You are correct. I misread it.

I agree that it's price gouging.

"that's the very definition of subsidy,"

A broad definition of subsidy could include a bribe. For example, one
interpretation is that people won't become chief neurosurgeons unless you
bribe them. In any case, it was an example to illustrate the difference
between subsidize and not very lucrative. I'll change the numbers to $500,000
with only Medicare patients (this is about what they make in the UK, so surely
enough that people will decide to be chief neurosurgeons) and $3,000,000 with
only non-Medicare patients - a very lucrative income indeed.

I see that part of my confusion in understanding the topic is that there are
multiple definitions of "cost-shift". In economics - I earlier quoted from an
economics paper - it's a "dynamic response by hospitals to a reduction in
Medicare payments, in the form of a fully or partially compensating increase
in prices charged to private insurers. In the policy debate over Medicare
payments, however, cost shifting is defined broadly as payments that fall
short of the costs incurred by hospitals in the treatment of Medicare
beneficiaries, as measured through negative hospital margins on those
patients." (Quote from
[http://content.healthaffairs.org/content/30/7/1265.long](http://content.healthaffairs.org/content/30/7/1265.long)
)

I was talking about the former, which excludes price discrimination. The chart
you link to shows the latter, which is a broader category. Indeed, the paper I
just referenced, titled "Hospitals Respond To Medicare Payment Shortfalls By
Both Shifting Costs And Cutting Them, Based On Market Concentration" goes into
the details. It's quite a lovely paper.

> [Abstract:] The study presents empirical evidence that, faced with
> shortfalls between Medicare payments and projected costs, hospitals in
> concentrated markets focus on raising prices to private insurers, while
> hospitals in competitive markets focus on cutting costs.

> ... Payment rates from Medicare to hospitals have lagged behind the growth
> in hospital costs over recent years, leading to negative hospital profit
> margins on publicly insured patients.1,2 These negative Medicare margins
> have reignited the long-standing debate over whether the public insurance
> program is partially responsible for the high prices charged to private
> insurers, as hospitals seek to offset losses on one set of patients with
> profits from another.3–7

> Recently, however, the Medicare Payment Advisory Commission (MedPAC) staff
> has proposed an alternative explanation for negative Medicare margins, one
> that reverses the direction of causality and interprets Medicare payment
> slowdowns as a means toward the reduction of hospital costs rather than a
> shifting of costs from public to private payers.8

As I understand it, the MedPAC model gives an explanation of why the chart you
pointed out _isn 't_ an example of cost shifting in the economics sense of
subsidy. The paper then assesses the viability of the two models and finds
they are complementary strategies. The key factor to choose one over the other
is the "degree of concentration or competition in the local hospital market."

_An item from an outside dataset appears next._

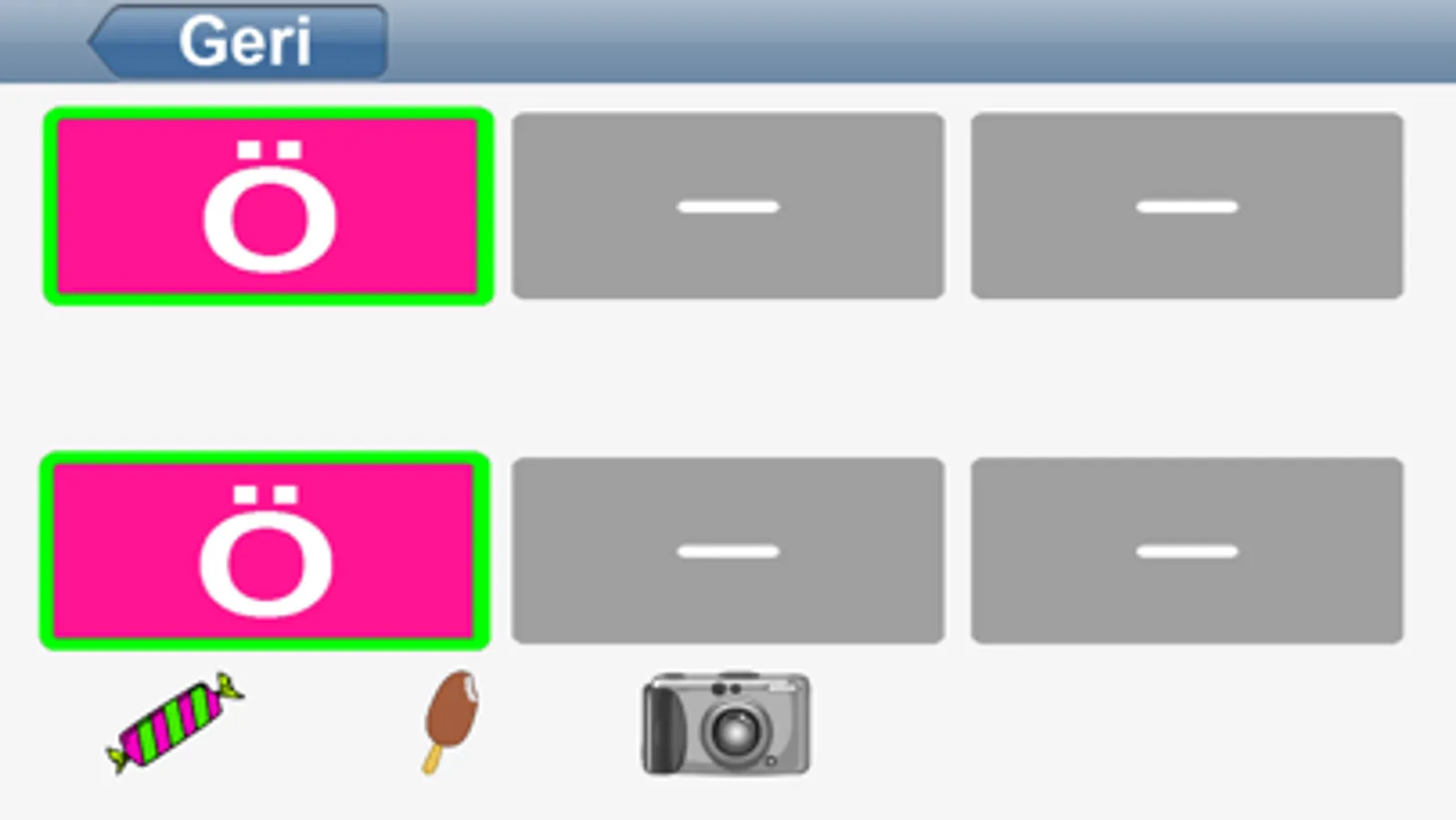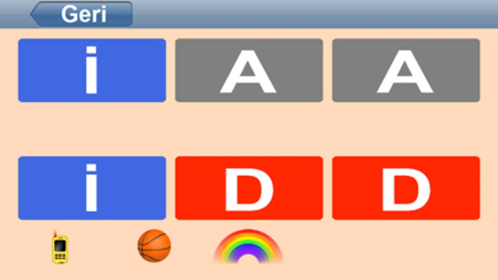 2. Aynı Renkte Eşleştirme - Daha zor bir seviyedir. Bütün kartlar aynı renktedir. Çocuk sadece harf tespiti ile eşleştirir. Kart rengi yardımı olmadan sembolleri eşleşen kartları seçin.
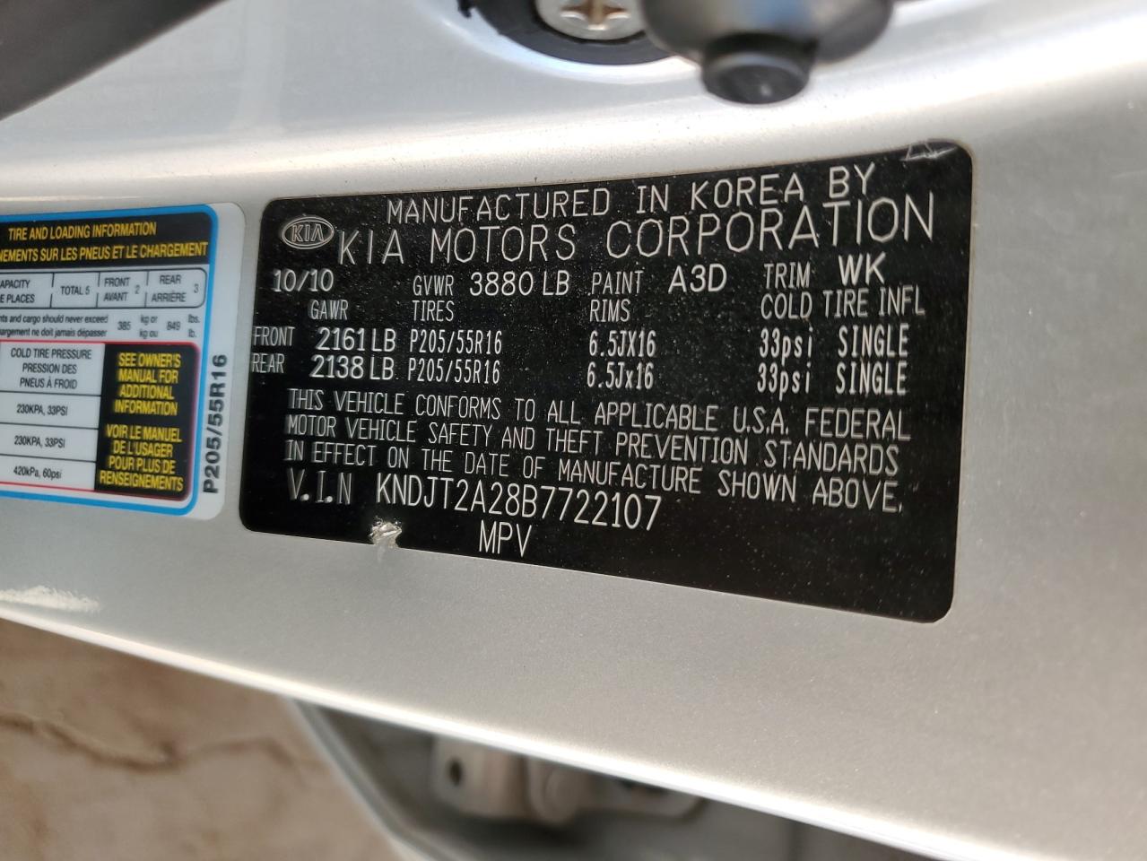 Колір СрібнийЦиліндри 4VIN KNDJT2A28B7722107Стан Заводиться та їде (перевірено)Ушкодження Передня або задня

I liked the observation about the non-economic factors that go into raising
revenue rather than lowering cost:

> It generally is more desirable, from a hospital management perspective, to
> increase revenues than to reduce costs, because the former merely alienates
> insurers, but the latter alienates employees, physicians, and potential
> patients. The cost-shift perspective highlights the revenue-enhancement
> hospital response to Medicare payment shortfalls.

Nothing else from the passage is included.